§ Prompt
Return the lines of the data below starting at the one holding "MightySkins IRROS9PLBUN-Green Flames" and ending at the one holding "- One tool for", word for word, leaving every picture out.
=== Section Start ===
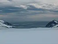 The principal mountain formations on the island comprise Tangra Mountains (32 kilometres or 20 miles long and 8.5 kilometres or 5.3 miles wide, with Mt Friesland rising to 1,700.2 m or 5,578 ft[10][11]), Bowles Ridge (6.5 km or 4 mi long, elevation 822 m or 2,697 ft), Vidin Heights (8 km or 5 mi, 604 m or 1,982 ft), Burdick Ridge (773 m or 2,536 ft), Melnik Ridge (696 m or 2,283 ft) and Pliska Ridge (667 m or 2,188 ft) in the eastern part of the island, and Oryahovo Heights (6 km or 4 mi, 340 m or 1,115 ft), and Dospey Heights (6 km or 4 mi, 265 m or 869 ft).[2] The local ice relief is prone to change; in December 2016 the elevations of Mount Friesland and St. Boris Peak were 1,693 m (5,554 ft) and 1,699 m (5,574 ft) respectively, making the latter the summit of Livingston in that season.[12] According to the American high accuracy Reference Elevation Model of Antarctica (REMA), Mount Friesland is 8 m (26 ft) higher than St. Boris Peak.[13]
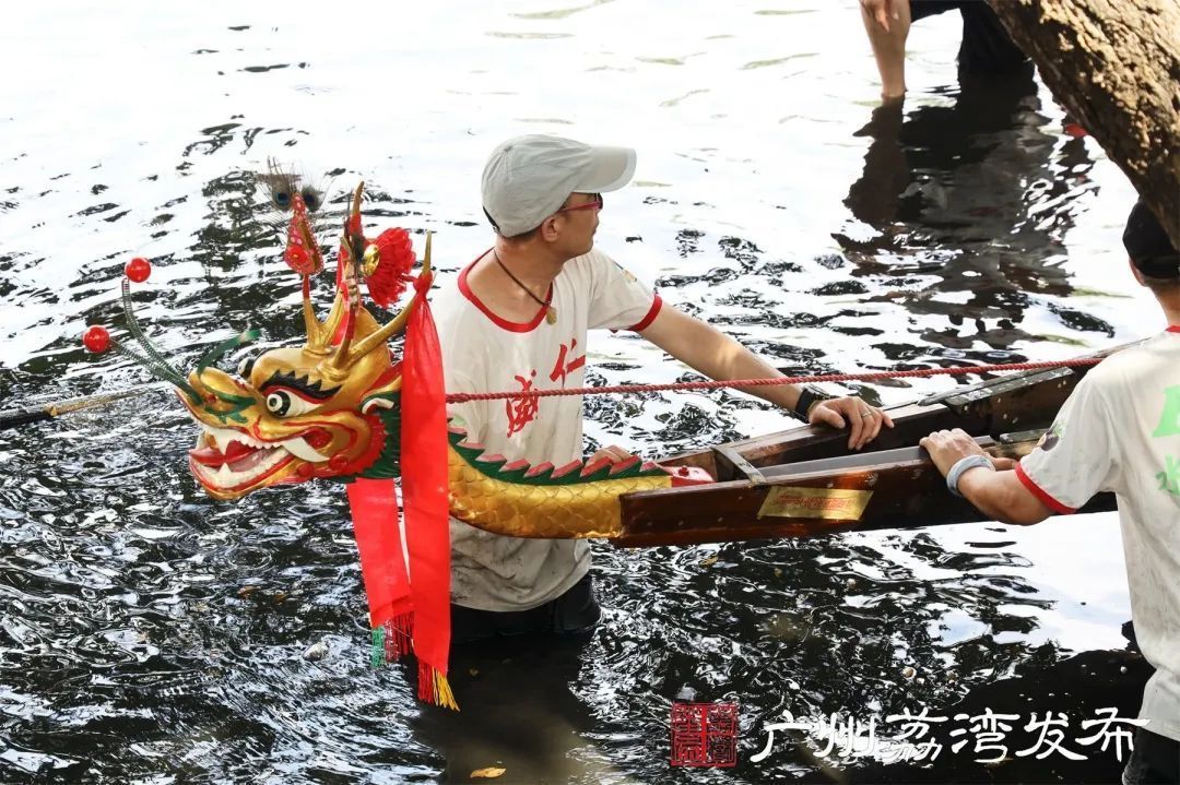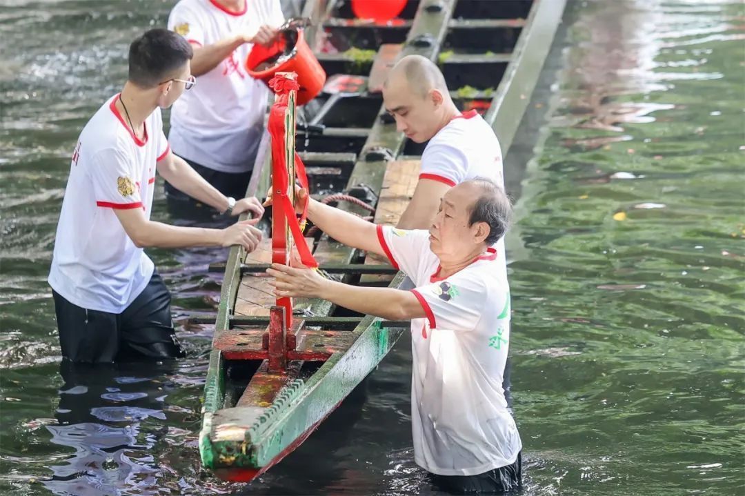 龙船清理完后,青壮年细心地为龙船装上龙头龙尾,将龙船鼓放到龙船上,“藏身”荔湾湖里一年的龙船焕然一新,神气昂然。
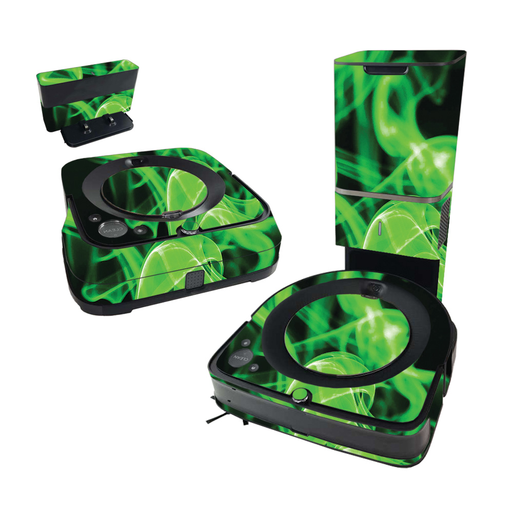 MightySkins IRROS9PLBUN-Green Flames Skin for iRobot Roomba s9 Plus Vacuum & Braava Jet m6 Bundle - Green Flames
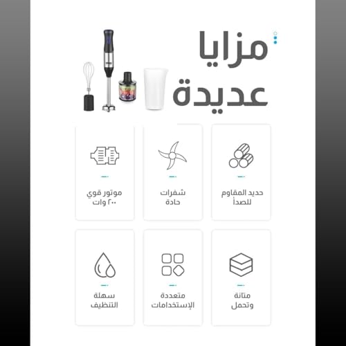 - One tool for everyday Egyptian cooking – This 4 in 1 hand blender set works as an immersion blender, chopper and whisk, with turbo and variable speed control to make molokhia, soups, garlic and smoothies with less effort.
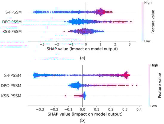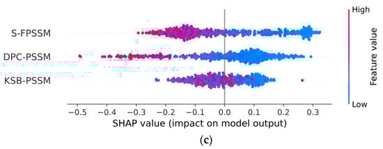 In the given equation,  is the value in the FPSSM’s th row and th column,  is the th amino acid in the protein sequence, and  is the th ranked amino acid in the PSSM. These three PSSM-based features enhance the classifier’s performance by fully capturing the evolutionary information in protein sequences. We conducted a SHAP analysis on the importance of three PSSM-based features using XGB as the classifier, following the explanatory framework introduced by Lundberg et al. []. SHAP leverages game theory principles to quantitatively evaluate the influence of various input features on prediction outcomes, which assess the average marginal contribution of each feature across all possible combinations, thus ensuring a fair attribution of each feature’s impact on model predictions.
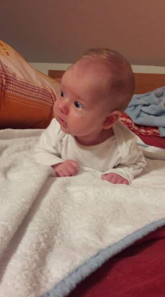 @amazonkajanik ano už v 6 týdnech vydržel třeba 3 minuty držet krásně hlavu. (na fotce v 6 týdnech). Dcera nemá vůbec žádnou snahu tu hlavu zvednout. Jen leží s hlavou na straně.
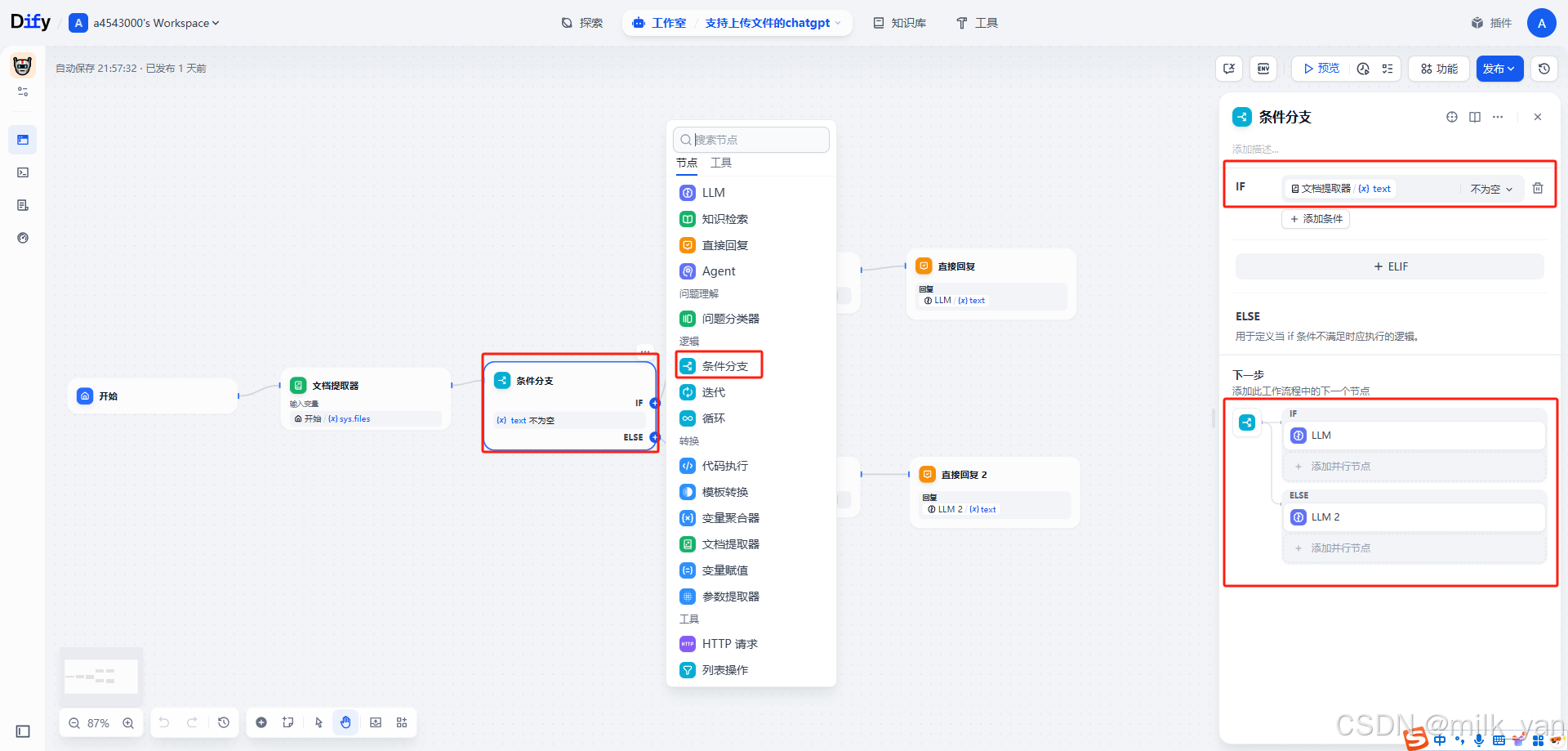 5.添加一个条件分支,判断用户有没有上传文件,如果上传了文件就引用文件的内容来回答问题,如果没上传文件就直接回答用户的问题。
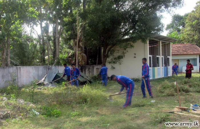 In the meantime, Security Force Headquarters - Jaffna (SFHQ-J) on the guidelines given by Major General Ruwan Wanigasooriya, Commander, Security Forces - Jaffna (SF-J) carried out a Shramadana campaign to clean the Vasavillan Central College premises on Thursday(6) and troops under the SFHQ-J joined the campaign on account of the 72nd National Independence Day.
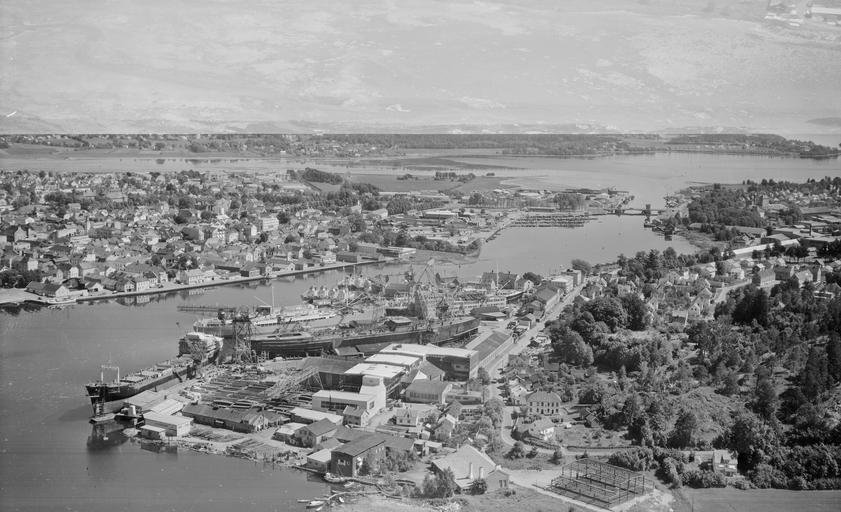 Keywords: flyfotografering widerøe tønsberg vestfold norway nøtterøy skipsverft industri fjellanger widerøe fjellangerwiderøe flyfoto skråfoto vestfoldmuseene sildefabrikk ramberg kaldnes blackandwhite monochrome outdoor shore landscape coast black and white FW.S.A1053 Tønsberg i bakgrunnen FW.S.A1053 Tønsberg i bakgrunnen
=== Section End ===
§ Worked solution
 MightySkins IRROS9PLBUN-Green Flames Skin for iRobot Roomba s9 Plus Vacuum & Braava Jet m6 Bundle - Green Flames
 - One tool for everyday Egyptian cooking – This 4 in 1 hand blender set works as an immersion blender, chopper and whisk, with turbo and variable speed control to make molokhia, soups, garlic and smoothies with less effort.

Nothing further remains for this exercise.